Author Reply: Thanks, Estelcontar! Sorry for the tardiness in replying; I've been out of town. 35 years! How can ordinary men possibly compare? Halbarad kind of snuck up on me out of the blue, but wow, he sure did it with a vengeance. I never want to let him out of my sight now. Yeah, I need to give Aragorn a break, really. I really just want to front-load his reunion with Elrond so that neither of them can sort of side-step some issues they've been avoiding for a long time (my interpretation of canon - not necessarily everyone's.)

Lily BagginsReviewed Chapter: 2 on 7/1/2005
As a total Aragorn h/c NUT, and one who also has spent much too much time gleefully watching the grisly surgery scenes in Civil War movies, I ADORED this chapter. Infection, misery, pain . . . all of my favorite things when it comes to Aragorn. I anticipated something happening to distract Gandalf . . . and what a pair of nice distractions, too.
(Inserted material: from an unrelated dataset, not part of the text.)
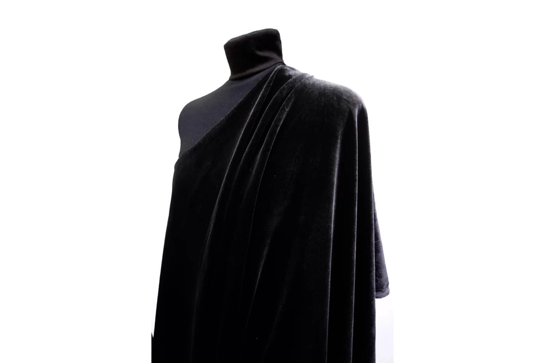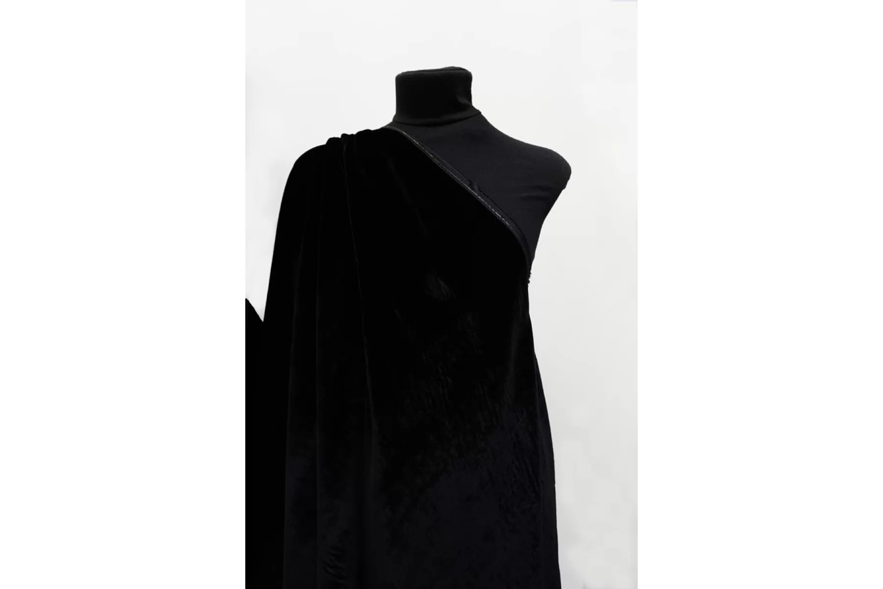 ЦЕНА УКАЗАНА ЗА ОТРЕЗ! (При заказе в метраже указывать 1) ВНИМАНИЕ! Присутствуют белесые полосы на полотне, заметно только под определенным углом и освещением. см. последнее фото. Шикарный вискозный бархат на шелковой основе в глубоком чёрном цвете. Ворс достаточно короткий, а сам материал тонкий, но пластичный. Тактильно приятный, мягкий. Совсем немного виден силуэт насквозь, но в изделии заметно не будет. Красиво выглядит в драпировках и обладает прекрасным лоском. Не тянется. Подойдет на платья, юбки, мягкие жакеты и не только. При необходимости используйте подкладочный материал. Уход деликатный.

Your Dudo is just adorable . . . as someone who reads a lot of hobbit fic, I think you have him down beautifully.

I'm eagerly awaiting the next chapter! Will we be treated to more tending/treatments/elvish medicine in future chapters? I'm hoping . . . no, actually, I'm pining for it! :) You write it so very well.

Author Reply: Hi, Lily,
Sorry for the tardiness in replying; I've been out of town for a week. Glad you like the wee bar-wiper; I've gotten kind of attached to him myself. Surgery scenese in Civil War movies? Whew, you really are an h/c addict! Aragorn definitely has an appointment with Elrond coming up, but after that I feel like I should give the poor guy a little break, don't you? He has to be fit enough to go back after Gollum by next spring.